• _TASK REQUIREMENTS_: Hand back all records exactly, pictures omitted.

─── MATERIAL PROVIDED

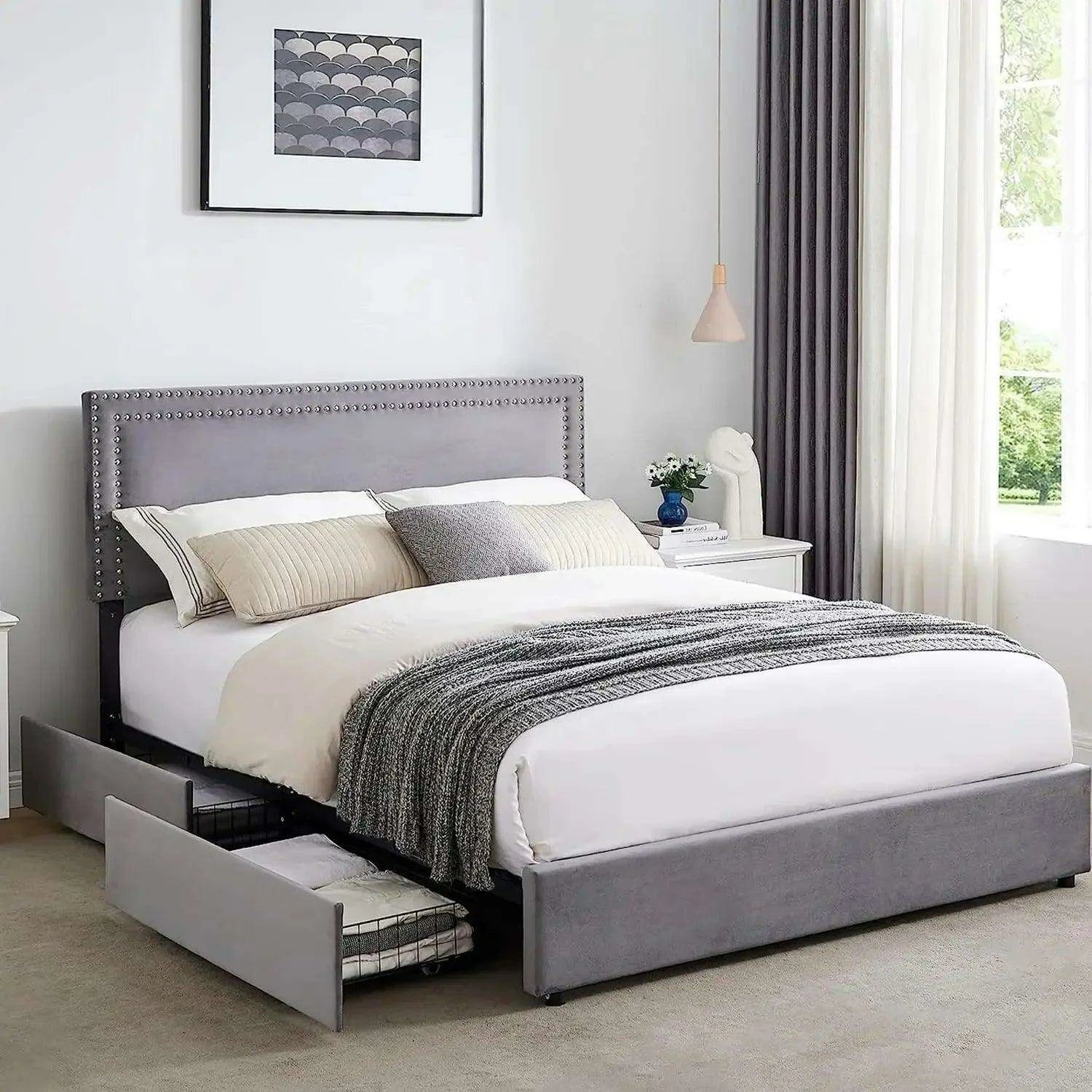 Chic Velvet Storage Bed with Adjustable Headboard and Spacious Drawers
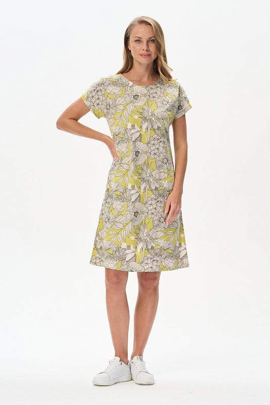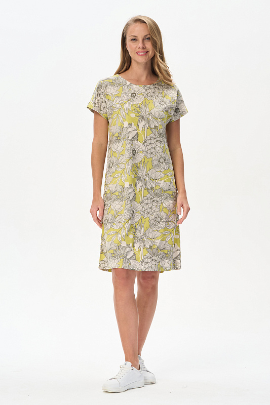 Платье прямого силуэта из кулирки качества ПЕ150 гр. Изящный растительный рисунок в трендовых оттенках. Круглый вырез горловины, спущенная линия плеча, цельнокроеные короткие рукава, в боковых швах карманы, длина ниже колена. Комфортная модель для дома и отдыха, отлично сидит, подходит на любой тип фигуры. Рост модели 175 см
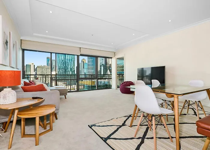 広々とした98m²のメルボルンHorizon On Russell - With Indoor Pool And Gymアパートメントは住宅街に位置し、クックズコテージから徒歩で15分で、コリンズ・ストリートから1kmです。 ビジネスでもレジャーでもWiFiを利用することができます。
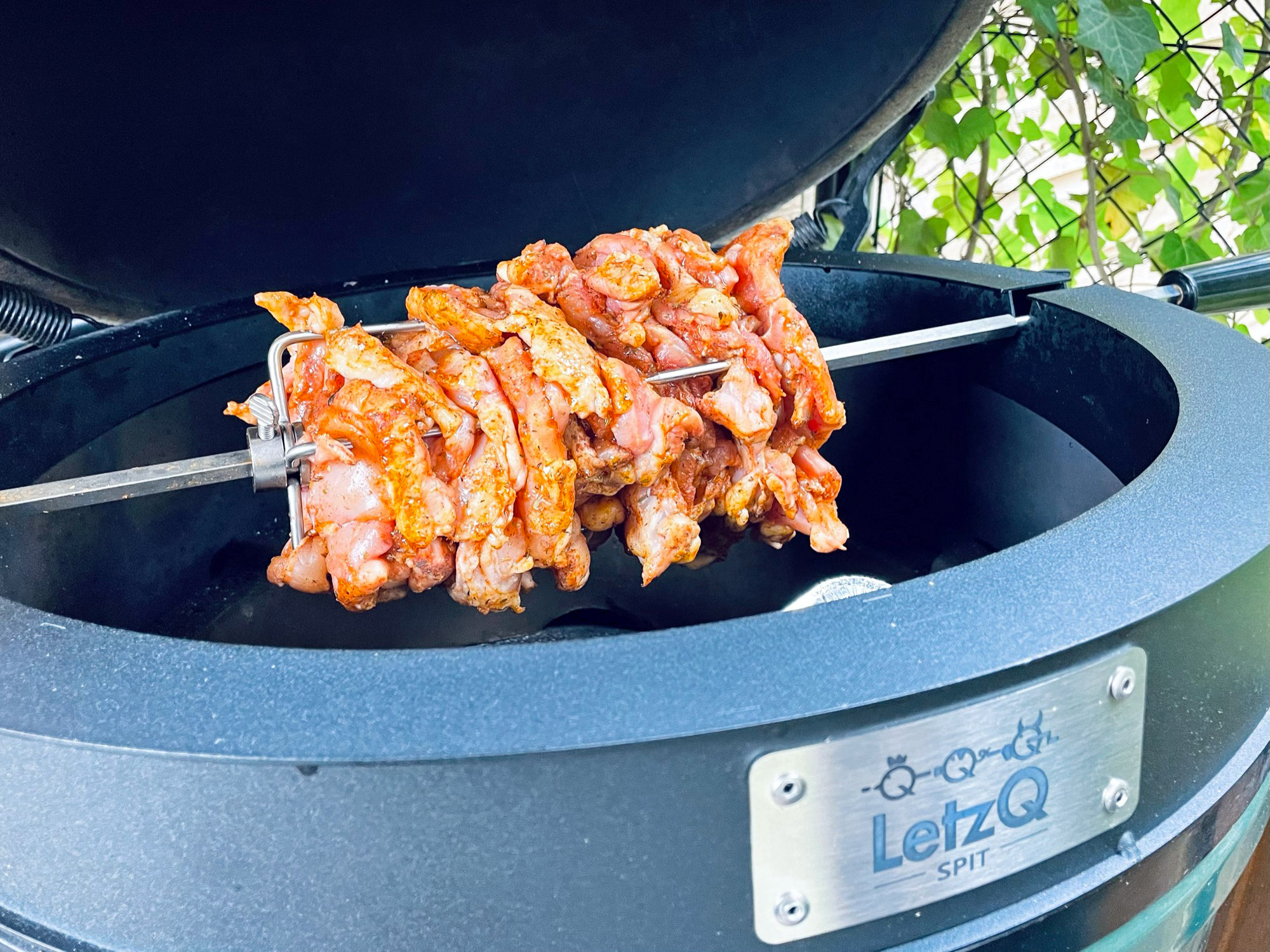 Haal de folie van je kip en rijg de kipdijfilets één voor één aan het spit. Zorg dat je het zwaarte punt ongeveer op het midden van je spit hebt zitten. Kipdijfilets hebben een dikke en een dunne kant. Rijg de filets daarom om en om met de dikke en de dunne kant steeds een kwart slag gedraaid. Zo zorg je voor een evenredige balans op je spit. Niet alleen beter voor een mooie gelijkmatige garing, maar ook het motortje van je spit zal je eeuwig dankbaar zijn!
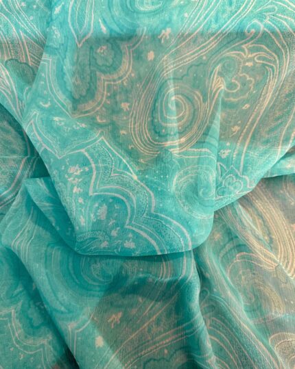 Perfektně ladí se zlatou, béžovou a černou barvou. Vhodná i ke krajce nebo jemnému saténu pro společenské modely.Šířka: 140 cm

──────

• _ANSWER TO THIS TASK_:
 Chic Velvet Storage Bed with Adjustable Headboard and Spacious Drawers
 Платье прямого силуэта из кулирки качества ПЕ150 гр. Изящный растительный рисунок в трендовых оттенках. Круглый вырез горловины, спущенная линия плеча, цельнокроеные короткие рукава, в боковых швах карманы, длина ниже колена. Комфортная модель для дома и отдыха, отлично сидит, подходит на любой тип фигуры. Рост модели 175 см
 広々とした98m²のメルボルンHorizon On Russell - With Indoor Pool And Gymアパートメントは住宅街に位置し、クックズコテージから徒歩で15分で、コリンズ・ストリートから1kmです。 ビジネスでもレジャーでもWiFiを利用することができます。
 Haal de folie van je kip en rijg de kipdijfilets één voor één aan het spit. Zorg dat je het zwaarte punt ongeveer op het midden van je spit hebt zitten. Kipdijfilets hebben een dikke en een dunne kant. Rijg de filets daarom om en om met de dikke en de dunne kant steeds een kwart slag gedraaid. Zo zorg je voor een evenredige balans op je spit. Niet alleen beter voor een mooie gelijkmatige garing, maar ook het motortje van je spit zal je eeuwig dankbaar zijn!
 Perfektně ladí se zlatou, béžovou a černou barvou. Vhodná i ke krajce nebo jemnému saténu pro společenské modely.Šířka: 140 cm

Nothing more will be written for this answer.